‘Patanjali’s breakthrough needs vetting’
NEW DELHI: India’s traditional systems of medicine, including ayurveda, have several proven preventive and curative drugs and therapies, but Patanjali Ayurved Ltd’s claim of a breakthrough cure for the coronavirus disease needs vetting, experts said, despite the company claiming to have conducted a randomised placebo-controlled clinical trial.
The principal investigator running the clinical trial at a Jaipur medical college confirmed the findings but said they were preliminary and the study, ongoing. He also clarified that the study was conducted on patients who were asymptomatic or had mild symptoms, between the ages of 35 and 45, and that no people with co-morbidities (considered the most vulnerable to the disease) were part of the trial.

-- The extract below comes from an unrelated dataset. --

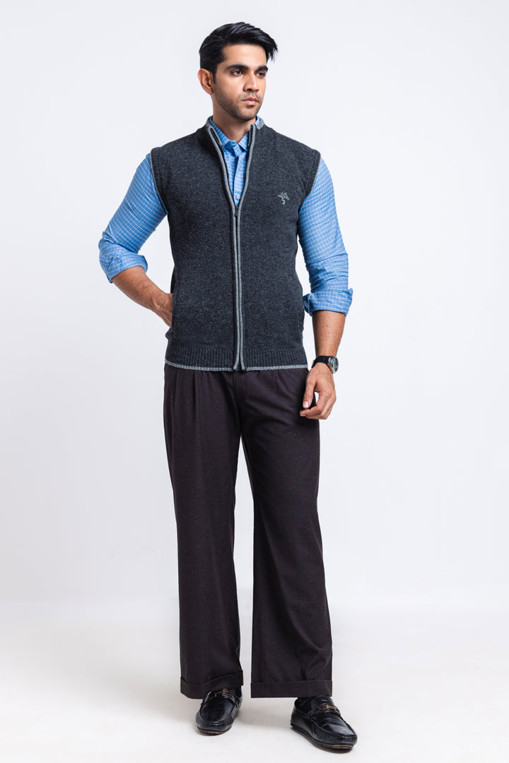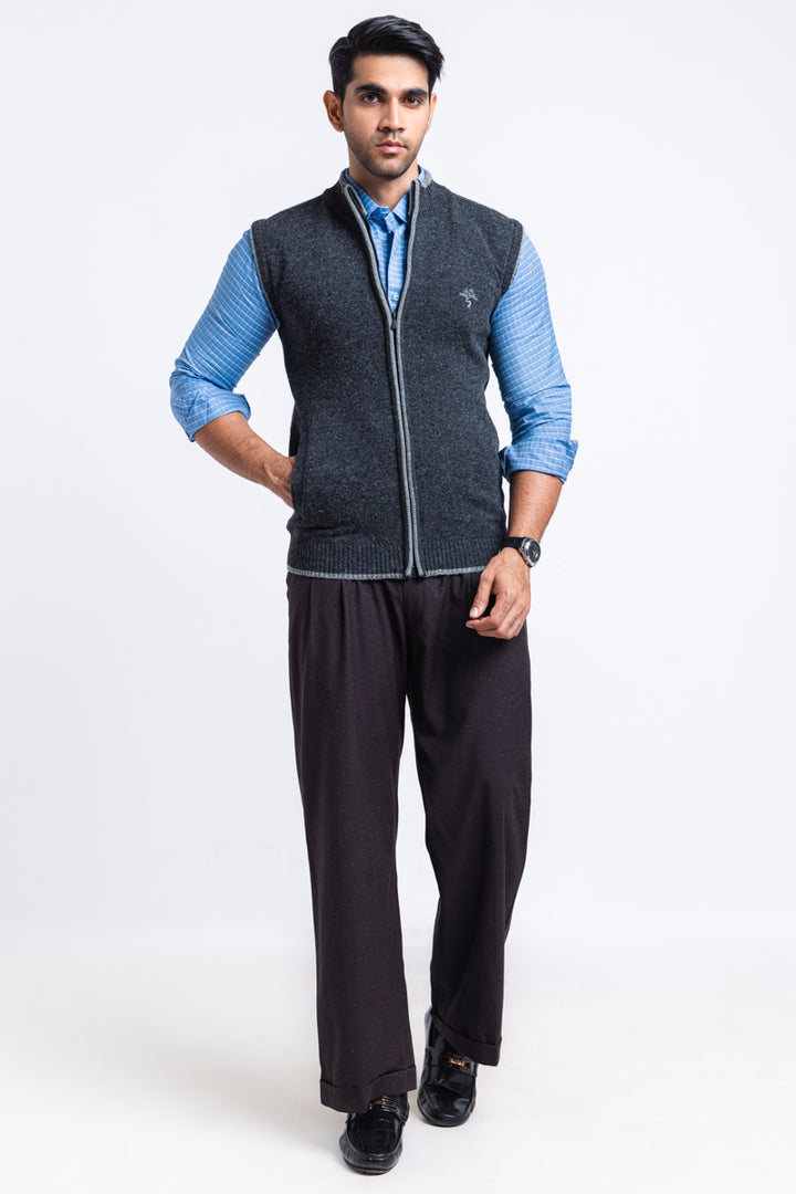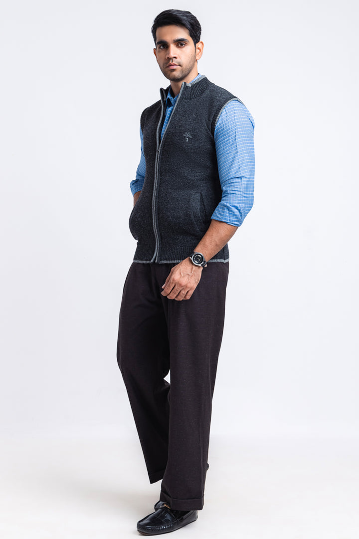 D-Black-Turtle Neck Zipper Sando Sweater (781-14)

Interestingly, a spokesperson for Patanjali, SK Tijarawala said that the company never “claimed that it (the medicines) were a cure for coronavirus disease; all we said was that the medicines in our kit that Patanjali has been selling individually to boost immunity and provide relief to patients of respiratory illness has been effective in improving symptoms of Covid-19 patients”.
Patanjali submitted (preliminary) results of the clinical trial to the ministry of Ayush (Ayurveda, Yoga & Naturopathy, Unani, Siddha and Homoeopathy) only after the latter demanded ”facts of the claim and details of the stated scientific study”. That came after the company, promoted by yoga guru Baba Ramdev, went public with its discovery. He was later interviewed by several TV channels where he talked up the discovery. The scientific title of its clinical trial, according to documents submitted by the company is : Impact of Indian traditional Ayurvedic treatment regime for nCov-2 (Covid-19)
On Tuesday, the ministry also directed the company to stop advertising the product till the claim was verified.
The Ayush ministry is currently in the process of examining the documents.
“It’s a good thing that Baba Ramdev has given a new medicine to the country, but as per rules, it has to come to the Ayush ministry first. They even said that they have sent a report; we will look into it and permission will be given after seeing the report,” Ayush minister Shripad Naik told news agency ANI on Wednesday.
It wasn’t immediately clear how the company launched its product without a clearance from the ministry.
A senior official in the ministry of Ayush said, “We weren’t aware of it (the drug) until yesterday (Tuesday), and now that they have submitted the documents, our experts will be examining it before anything is said conclusively. There is a protocol for conducting clinical trials , so we will examine what kind of approvals they have, and what type of trial was conducted with the primary and secondary objective.”
According to the trial data submitted by the company, in a double blind single centre randomised study at a hospital in Jaipur, the National Institute of Medical Sciences, the drug was tested on 120 patients. The primary outcome was the virological clearance in a RT-PCR test at “baseline”, after three days, and after seven days.
The secondary outcome was reduction in Serum C reactive protein (CRP) and IL-6 levels. High CRP and IL-6 levels are an indicator of inflammation.
According to the findings of the trail, there was a 69% recovery on Day 3 in the treatment group, and 100% recovery at Day 7, which was 35% better recovery than the placebo group. The documents said that “Serum CRP levels are lesser in treatment group” and that there was a “remarkable decrease in IL-6 levels”.
According to Dr Ganpat Devpura, a professor of medicine at NIMS and the principal investigator of the trial, by design, excluded people with co-morbidities and the age of patients studied was 35-45 years . He also added that the patients were either asymptomatic or mildly symptomatic because those were the kind of patients available for the trial at the hospital.
Clinical trials usually have wider samples. Several voices have raised concerns about the trial design since Tuesday when Patanjali made the results public.
“The #PatanjaliAyurved trial enrolled 120 Covid+mildly ill patients & looked at viral clearance and decrease in IL-6 levels as endpoints. IL-6—the indicator of severe inflammation & cytokine storm—is unlikely to be elevated early in these patients. How would the drug impact it?” tweeted SP Kalantri, who identifies himself as a physician, teacher and researcher among other things.